Your goal =
Every line below from the one with "If you like" through the one with "Selling a pair" is to be repeated exactly, with no picture among them.

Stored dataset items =
:::::

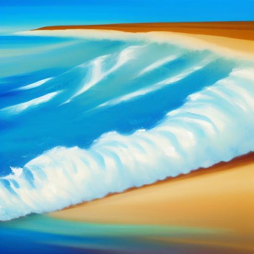 A painting of sea and beach with blue sky
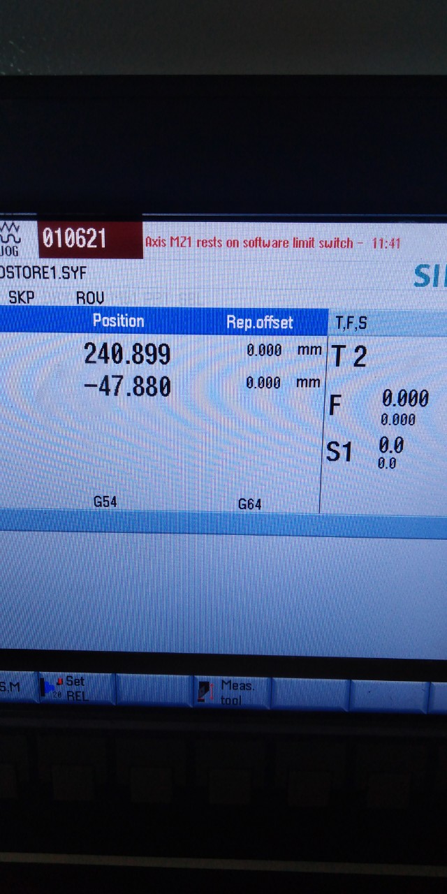 Здравствуйте. Токарный китаец. Стойка Sinumerik 808D. В программе обработка наружной поверхности, торцовка, сверление. Проточил и торцанул нормально, но по Z не досверлил. На следующей детали выясняется, что 0 по G54 уехал в право на 36мм. Ладно, исправили, запускаем программу — ошибка: мол выезжает за концевик. В режиме JOG еду к патрону, и не доезжает 40мм ибо стоит на концевике.
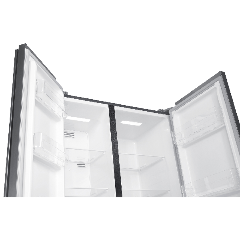De Koenic KDD 171 D IN NF Side-by-Side koelkast in inox biedt veel ruimte en modern gebruiksgemak. De totale inhoud van 442 liter bestaat uit een koelgedeelte van 291 liter en een vriesgedeelte van 151 liter. Dankzij de NoFrost-technologie blijft ijsvorming achterwege, zodat je nooit meer hoeft te ontdooien. Het dubbele koelcircuit regelt temperatuur en luchtvochtigheid per zone, waardoor je voeding langer vers blijft. Met een geluidsniveau van 39 dB(A) werkt het toestel fluisterstil op de achtergrond. Via het digitale display stel je de temperatuur snel en nauwkeurig in. Tot slot geven de inox afwerking en de praktische side-by-side indeling niet alleen extra functionaliteit, maar ook een stijlvolle meerwaarde aan je keuken.
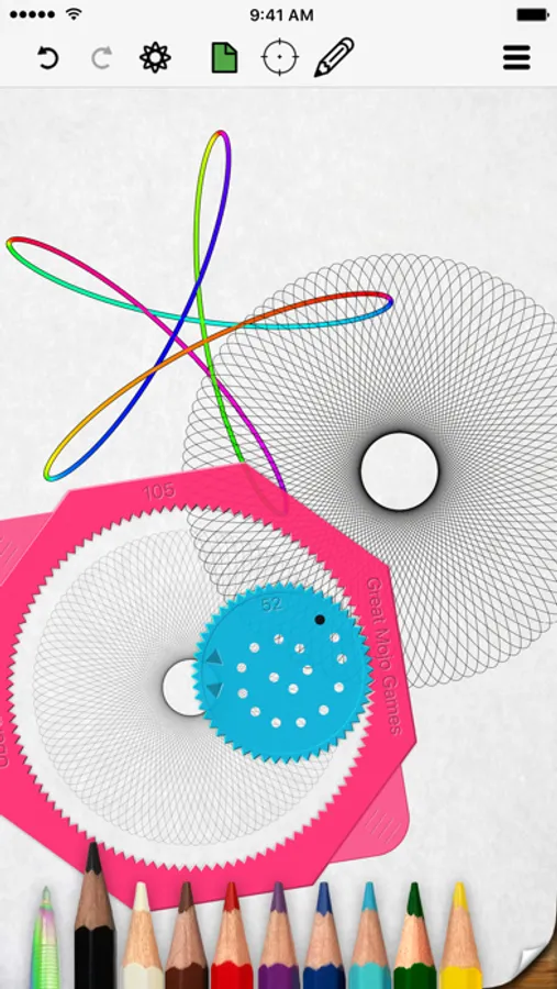 If you like Überdoodle lite, please consider getting Überdoodle with even more possibilities for beautiful patterns. Überdoodle has many more rings and gears - and it contains the Gear Factory where you can create your very own gears and rings with custom sizes and colors. Überdoodle has many different pens and includes an eraser as well. It also allows you to mix pen colors by selecting up to three pens at the same time. It has more paper to choose from when starting new drawings.
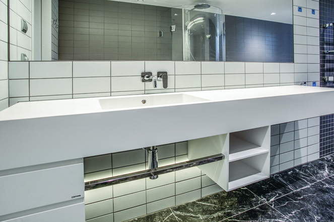 ASTONE materijal idealan je za uporabu u kupaonicama i sanitarnim prostorima gdje nalazi svoju primjenu pri izradi umivaonika, umivaoničkih pulteva i tuševa. Visoka razina primjenjivosti ovog materijala, njegova otpornost na habanje i praktički neograničena fleksibilnost pri obradi, čine ovaj materijal idealnim za opremanje objekata kao što su marine, hoteli i putnički brodovi, ali i primjenu u privatnim prostorima.
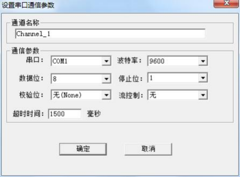 添加好驱动后, 选择新建通道, Lance_LTM8000 以 RS-485 通信方式通讯, 默认通道 为串口 1,默认通讯参数:9600bps,8,无校验位, 1 个停止位,默认超时时间 1500 毫秒, 在配置时, 如果设备响应比较慢,超时时间尽量设置长一点, 如下图 。注意超时 时间是指主站请求帧的等待超时时间。
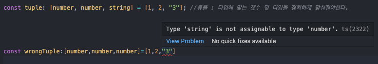 만약 타입을 [number] 로만 설정했다면 number요소 딱하나만 들어갈수있는것 2개가되어서도 안되고 아예 안들어가서도 안된다.
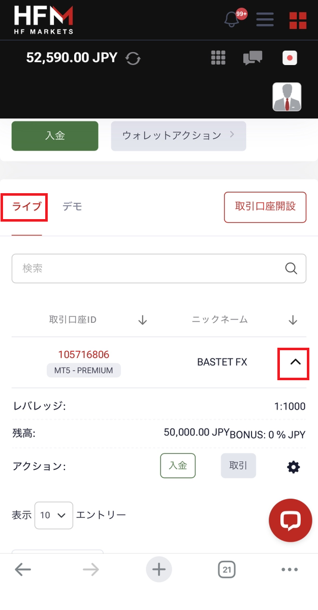 50,000円以上をご入金してください。
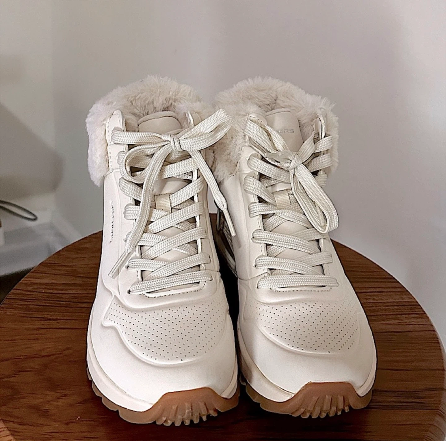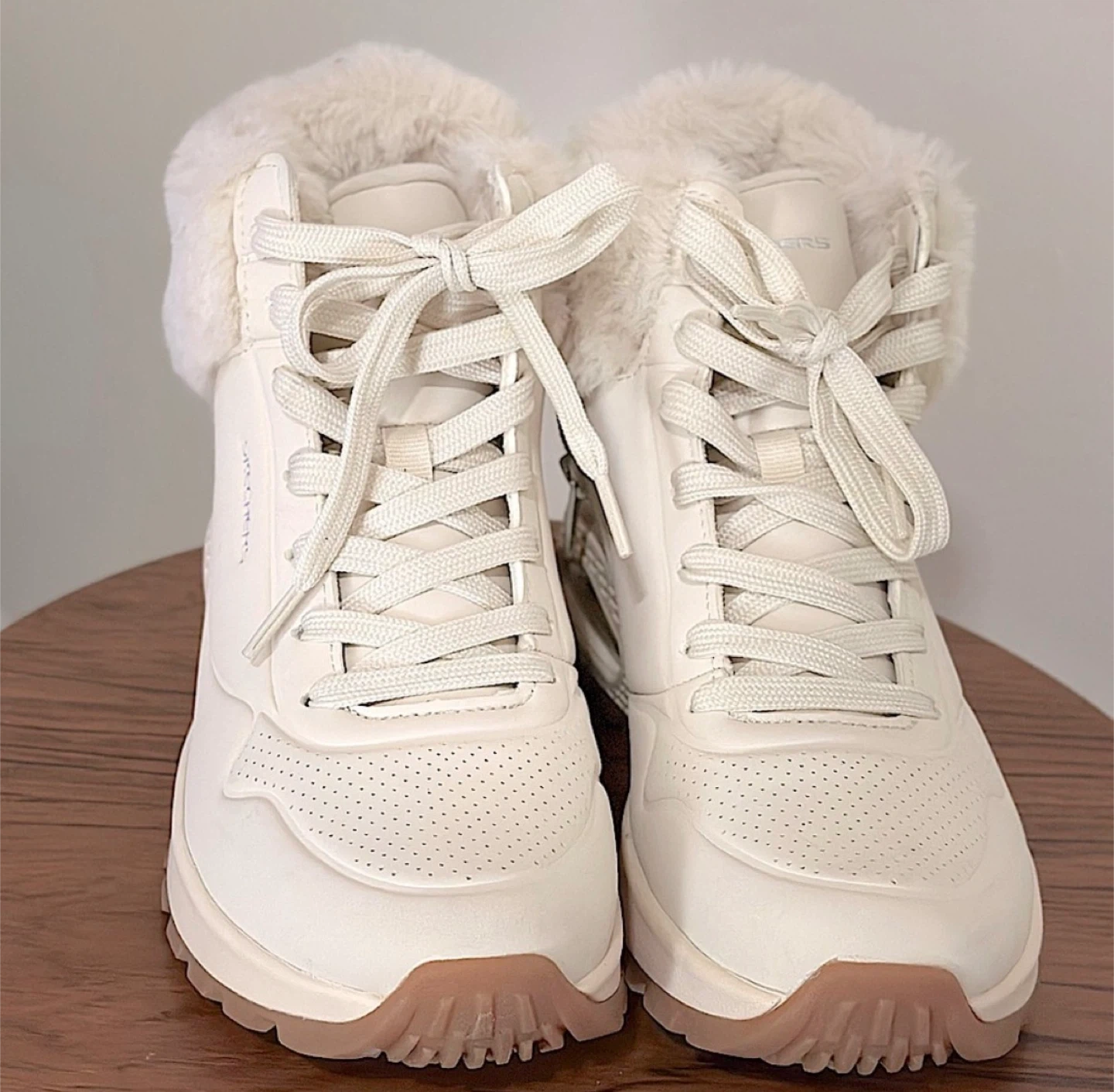 Selling a pair of Skechers Women's Snow Burst boots in size 6. They're a stylish and comfortable option for colder weather. The boots feature a cozy faux-fur trim and a lace-up design. Perfect for adding a touch of warmth and style to your winter outfits!
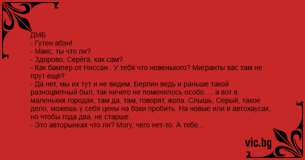 - Да нет, мы их тут и не видим, Берлин ведь и раньше такой разноцветный был, так ничего не поменялось особо…. а вот в маленьких городах, там да, там, говорят, жoпa. Слышь, Серый, такое дело, можешь у себя цены на бэхи пробить. На новые или в автохаусах, но чтобы года два, не старше….
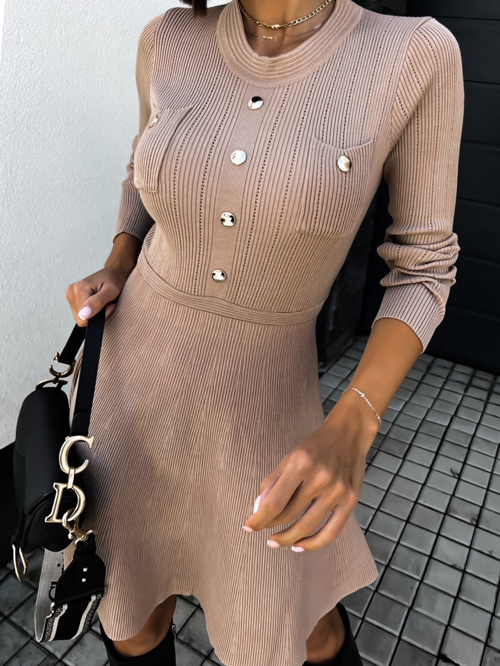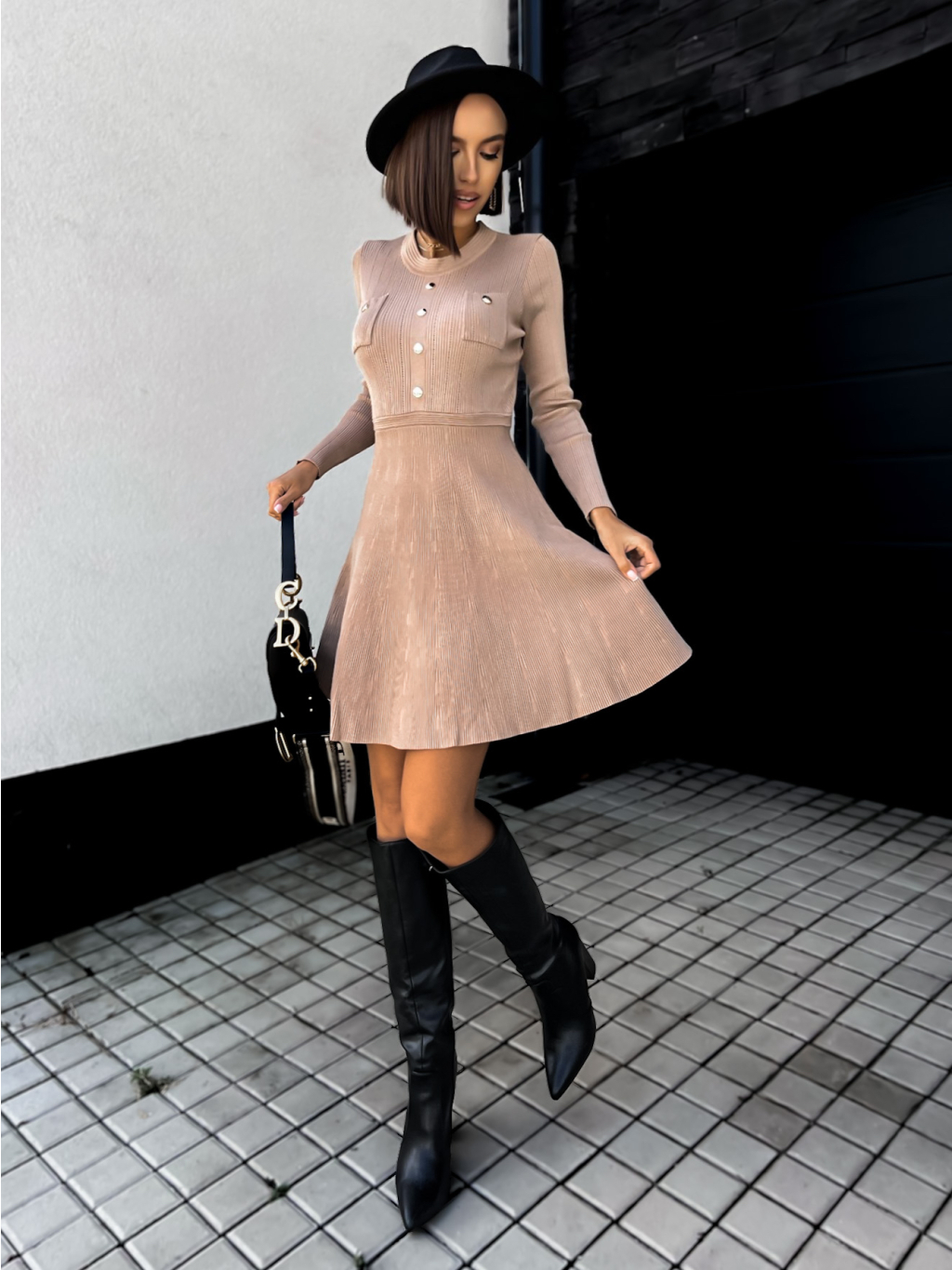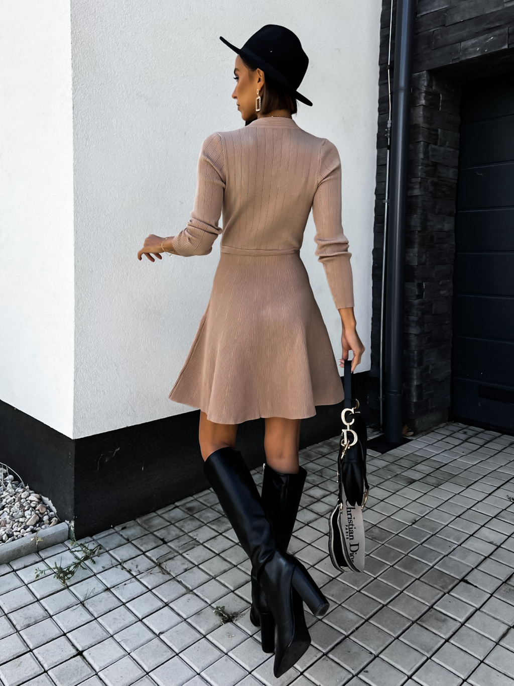 Světle hnědé žebrované šaty WENUSI s dlouhým rukávem

:::::

Answer section =
 If you like Überdoodle lite, please consider getting Überdoodle with even more possibilities for beautiful patterns. Überdoodle has many more rings and gears - and it contains the Gear Factory where you can create your very own gears and rings with custom sizes and colors. Überdoodle has many different pens and includes an eraser as well. It also allows you to mix pen colors by selecting up to three pens at the same time. It has more paper to choose from when starting new drawings.
 ASTONE materijal idealan je za uporabu u kupaonicama i sanitarnim prostorima gdje nalazi svoju primjenu pri izradi umivaonika, umivaoničkih pulteva i tuševa. Visoka razina primjenjivosti ovog materijala, njegova otpornost na habanje i praktički neograničena fleksibilnost pri obradi, čine ovaj materijal idealnim za opremanje objekata kao što su marine, hoteli i putnički brodovi, ali i primjenu u privatnim prostorima.
 添加好驱动后, 选择新建通道, Lance_LTM8000 以 RS-485 通信方式通讯, 默认通道 为串口 1,默认通讯参数:9600bps,8,无校验位, 1 个停止位,默认超时时间 1500 毫秒, 在配置时, 如果设备响应比较慢,超时时间尽量设置长一点, 如下图 。注意超时 时间是指主站请求帧的等待超时时间。
 만약 타입을 [number] 로만 설정했다면 number요소 딱하나만 들어갈수있는것 2개가되어서도 안되고 아예 안들어가서도 안된다.
 50,000円以上をご入金してください。
 Selling a pair of Skechers Women's Snow Burst boots in size 6. They're a stylish and comfortable option for colder weather. The boots feature a cozy faux-fur trim and a lace-up design. Perfect for adding a touch of warmth and style to your winter outfits!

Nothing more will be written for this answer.